RHEL 7.2 system, df and du /var/log inconsistent results. 84MB actual usage, df shows 80% full

Latest response

I have a RHEL 7.2 system with a (miserably small) 4 GB /var/log xfs file system mounted (we're increasing it tomorrow). However, I'm noticing a very strange (to me) inconsistency between the results of df -PhT /var/log showing 80% consumption and du -sk /var/log/* and du -skh /var/log which only shows 84MB (megabytes, not GB). consumption. As I typed this, I found sssd had to be restarted to release some uneeded log files.

A df -PhT /var/log shows it 80% full, however, a du -skh /var/log shows realistic 84M actual usage.

Here's some relevant info...

[root@rhel72server] # du -sk /var/log/* | sort -nr 
21632 /var/log/messages
14920 /var/log/mesos
11004 /var/log/aide
2912 /var/log/httmpd
2648 /var/log/exhibitor.log
*truncated*

[root@rhel72server] # du -skh /var/log
84M   /var/log

[root@rhel72server] # df -PhT /var/log
/dev/mapper/disk0-varlog xfs 4G  4.2G   825M  80%   /var/log

I've zeroed out the lastlog sparse fiile by redirecting /dev/null to it and that makes no difference to the above.

My initial search led me to do an lsof | grep deleted. which yielded some apparent files that were deleted but apparently are being counted against the df -PhT /var/log, and when I restarted the sssd service, the deleted-but-not-released files were finally released.

[root@rhel72server] # cd /var/log
[root@rhel72server] # lsof | grep deleted
sssd_be 1828  root 10w REG 253,7 3258809724 4194460 /var/log/sssd/sssd_redacted_fqdn.log-20160501 (deleted)
sssd        1823 root 3w REG 253,7      62771719   4194459 /var/log/sssd/sssd.log-20160501 (deleted)
sssd_be 1828 root 17w REG 253,7     1482662    4194453 /var/log/sssd/ldap_child.log-20160502 (deleted)
wpa_suppl 1837 root 3w REG 253,7          120             145   /var/log/wpa_supplicant.log-20160504 (deleted)
*truncated for only /var/log*

So seeing that "sssd" is the life of the party, I did a

[root@rhel72server] # systemctl restart sssd
[root@rhel72server] # df -PhT /var/log
/dev/mapper/disk0-varlog xfs 4G  4.2G   4.0G 3%   /var/log

And this released the files in question so df and du against that directory are more consistent. I've seen this once against a RHEL 5 system, a long while ago but have not seen it (personally) against rhel 6 (it probably exists under rhel 6, but I just have not experienced it with rhel6 in my environment).
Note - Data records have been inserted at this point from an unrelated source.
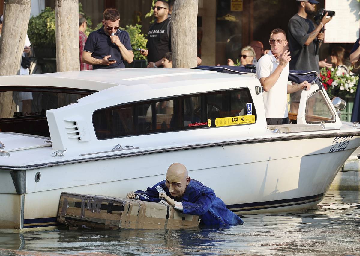 Postava připomínající Jeffa Bezose se zásilkou plující na jednom z kanálů v Benátkách. Bezos je zakladatelem internetového obchodu Amazon.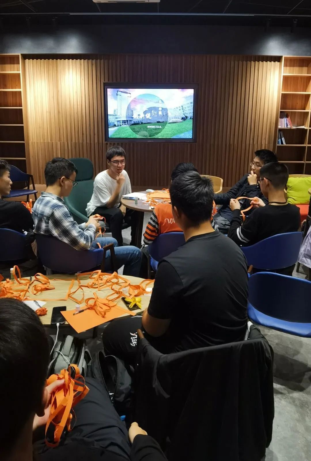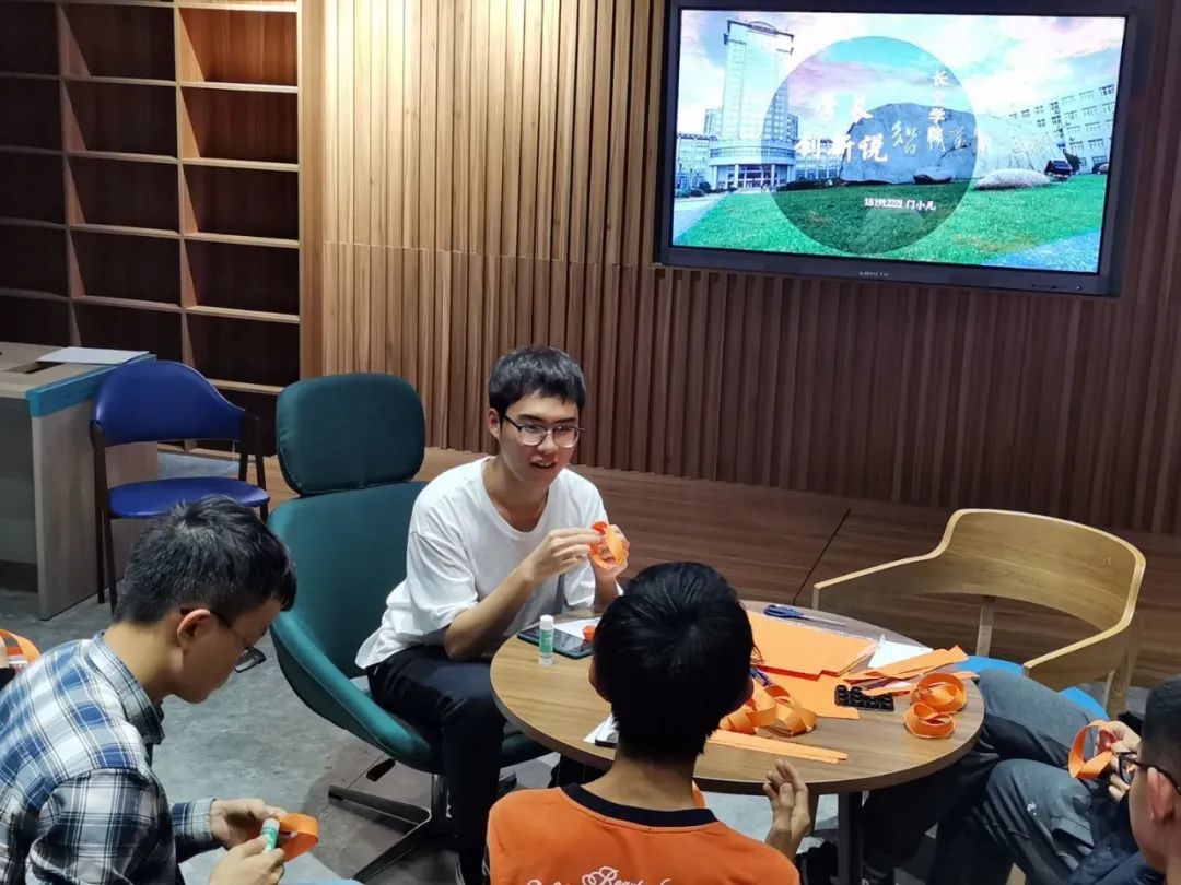 活动开场,门小凡学长领着大家一起制作“莫比乌斯环”,一个个纸环在剪刀飞舞下绽放出来。在课本上显得十分遥远的莫比乌斯环竟然轻轻松松就被自己动手做出来了,在场的同学们都十分惊奇和欣喜,这让大家很快放下拘束,开始和学长交流起来。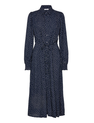 Dieses Midikleid im Hemdblusenstil mit durchgehender Knopfleiste und Bindeband in der Taille sorgt für eine schmeichelhafte Silhouette. Die langen Ärmel sind mit elastischen Bündchen versehen, die diesem vielseitigen Kleidungsstück eine subtile Note verleihen.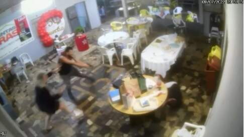 Câmera registra momento em que atirador invadiu festa e matou guarda municipal que era tesoureiro do PT, em Foz do Iguaçu.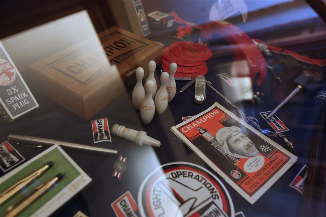 Memorabilia from Champion Spark Plug Company is on display to visitors of Manor House.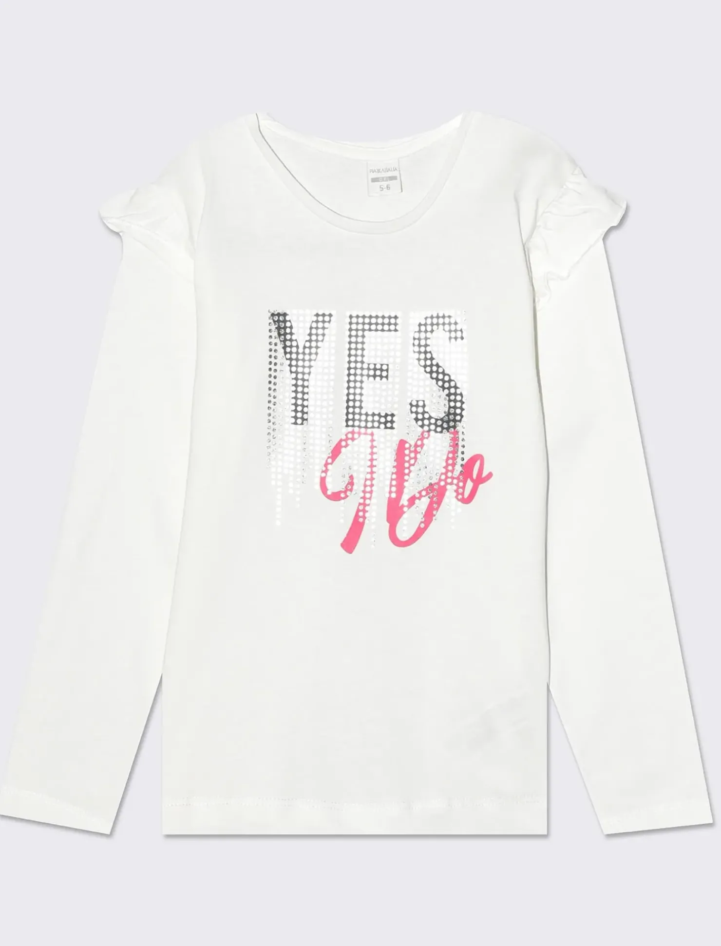 T-shirt manica lunga in cotone caratterizzata da eleganti rouches che donano un tocco di originalità. La stampa con dettagli effetto argento e oro arricchisce il design, creando un look glamour e sofisticato. Perfetta per outfit casual ma ricercati, questa t-shirt si adatta facilmente a diverse occasioni, aggiungendo un elemento di stile e raffinatezza al guardaroba. Un capo versatile che non può mancare nel tuo assortimento di moda. Il prodotto è di colore Bianco sporco

Does anyone have any ideas on how to deal with sssd logs that are rotated off ? (I have already added "compress" to the logrotate directives, and I plan on examining sssd logs for errant issues)

I turned debug_level = 5 to debug_level = 1 in /etc/sssd/sssd.conf under the [sssd] and [domain/redacted.fqdn.something] headers. Is there a recommended debug_level for /etc/sssd/sssd.conf?

I'd appreciate any assistance/recommendations.

Thanks
RJ

Responses

Interestingly, I lack permission to edit the original post I made in this discussion thread I started.

i hit "Edit Post" and an edit page appears, yet in the "Content" block is the following error:

This field has been disabled because you do not have sufficient permissions to edit it

Minor note to this matter... I commented out "debug_level = [x]" on the offending server because I don't have it anywhere else. I suspect someone was debugging sssd and turned it on with verbosity 5. it is now commented out...

EDITED: A freshly reloaded system shows the /etc/sssd/sssd.conf file as having debug_level =5 as the default, after a fresh load & joining to domain.

Hi,

I have run into similar inconsistencies between df and du output and they appeared when logrotate was doing its' work (on other log files than sssd.log). I suggest you look into logrotate and the interaction between logrotate and sssd.

Regards, Siem.

Thanks Siem, I've already established (previously) proper logrotation directives. However there's a chance those files were deleted just before those directives were made (and were not released by the sssd service until restart of sssd).

We now have compress (only delaycompress is set by default) for the logs. Oddly (as mentioned before) debug_level = 5 is apparently a default loging level right after a fresh load (which I now change during my after-kickstart configuration script).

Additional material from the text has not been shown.